_YOUR ASSIGNMENT_
Images should not appear in the copy, yet every line of the listing below must be printed exactly.

_DATA SEGMENT_
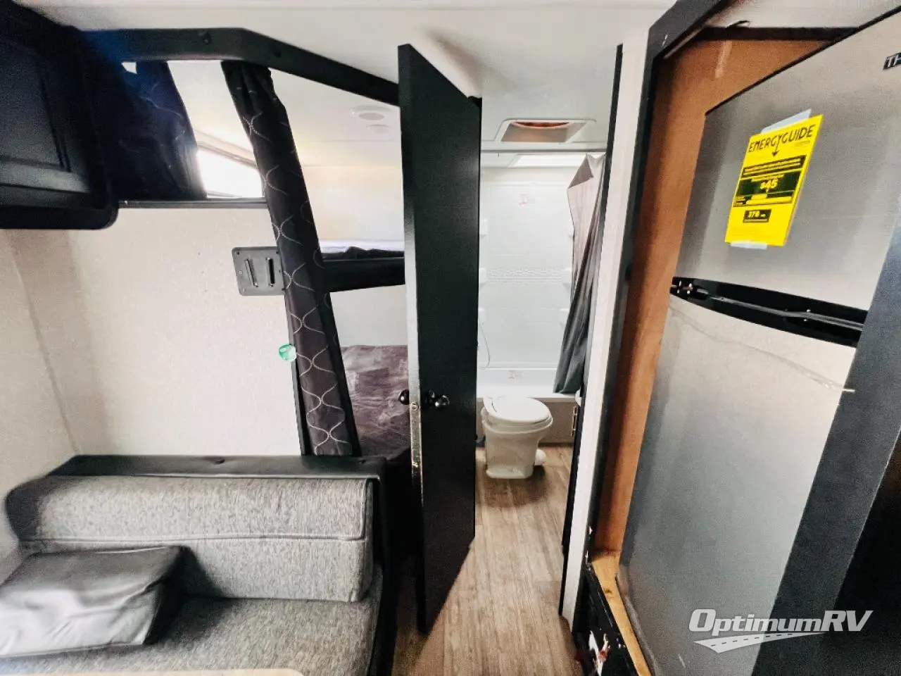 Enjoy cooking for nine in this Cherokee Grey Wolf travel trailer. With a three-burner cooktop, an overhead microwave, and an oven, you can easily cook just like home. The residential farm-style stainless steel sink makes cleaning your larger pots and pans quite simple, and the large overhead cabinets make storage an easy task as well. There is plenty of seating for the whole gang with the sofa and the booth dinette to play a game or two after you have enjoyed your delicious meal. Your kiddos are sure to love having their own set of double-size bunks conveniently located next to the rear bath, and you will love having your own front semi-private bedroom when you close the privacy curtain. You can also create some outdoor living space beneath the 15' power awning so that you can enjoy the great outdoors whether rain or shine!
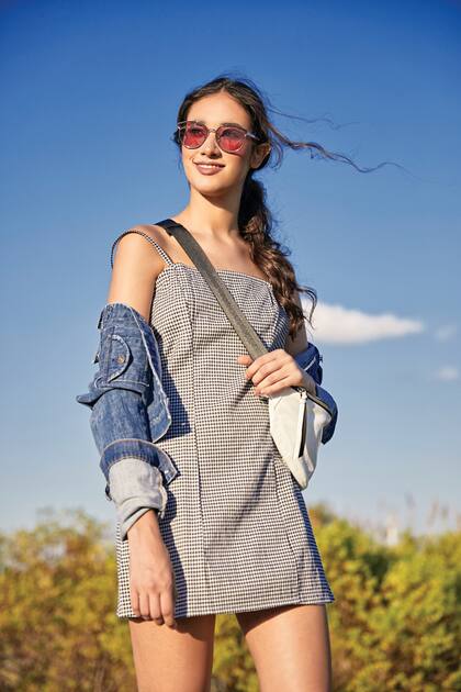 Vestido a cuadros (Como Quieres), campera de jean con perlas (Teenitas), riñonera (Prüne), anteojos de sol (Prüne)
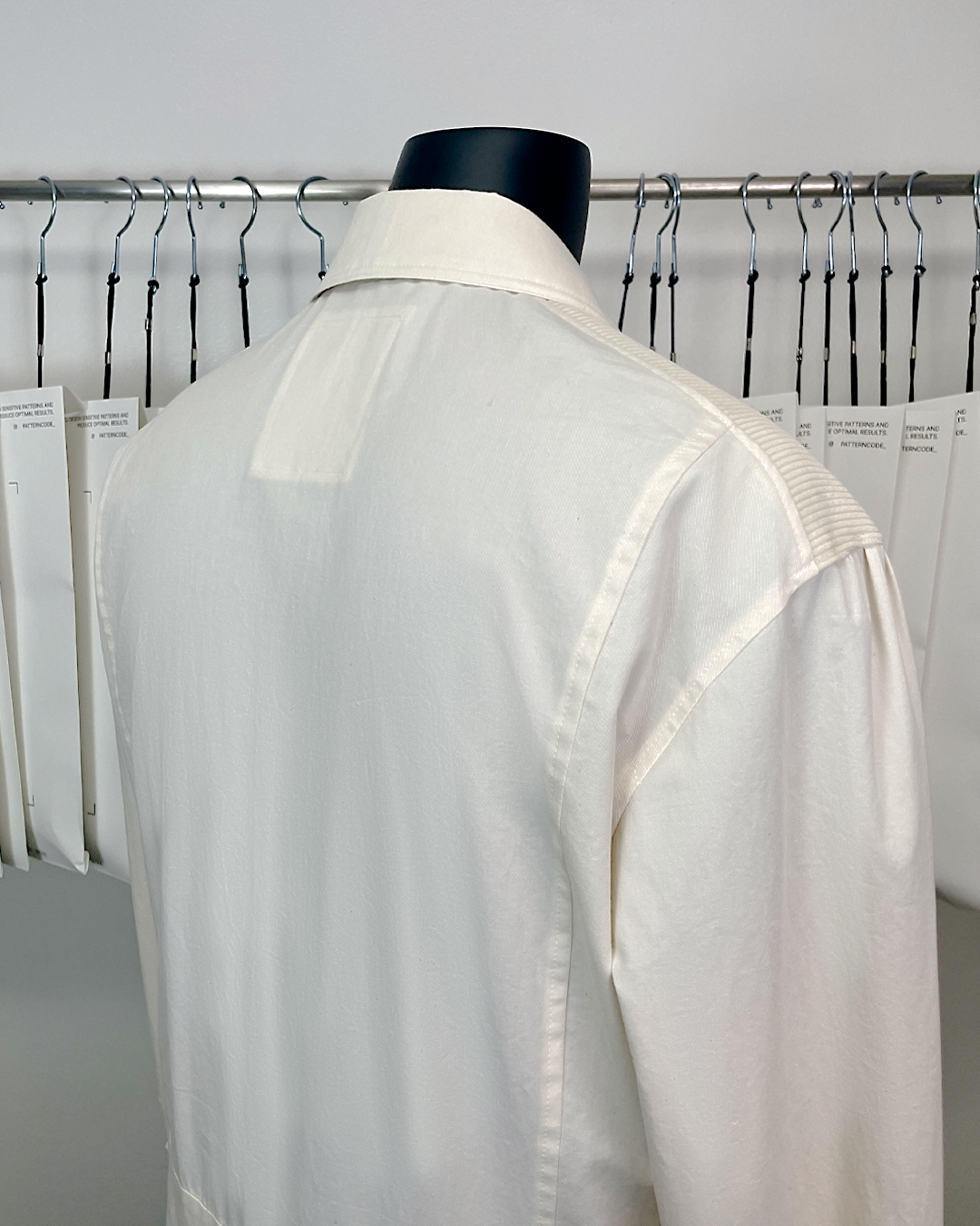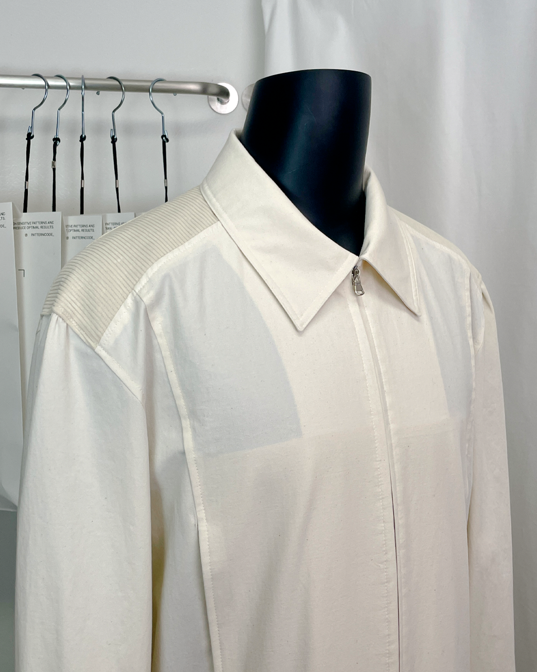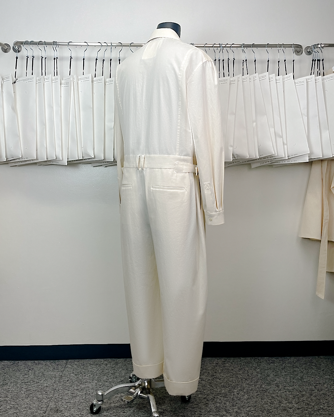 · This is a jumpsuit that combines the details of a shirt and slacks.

_EXPECTED ANSWER_
 Enjoy cooking for nine in this Cherokee Grey Wolf travel trailer. With a three-burner cooktop, an overhead microwave, and an oven, you can easily cook just like home. The residential farm-style stainless steel sink makes cleaning your larger pots and pans quite simple, and the large overhead cabinets make storage an easy task as well. There is plenty of seating for the whole gang with the sofa and the booth dinette to play a game or two after you have enjoyed your delicious meal. Your kiddos are sure to love having their own set of double-size bunks conveniently located next to the rear bath, and you will love having your own front semi-private bedroom when you close the privacy curtain. You can also create some outdoor living space beneath the 15' power awning so that you can enjoy the great outdoors whether rain or shine!
 Vestido a cuadros (Como Quieres), campera de jean con perlas (Teenitas), riñonera (Prüne), anteojos de sol (Prüne)
 · This is a jumpsuit that combines the details of a shirt and slacks.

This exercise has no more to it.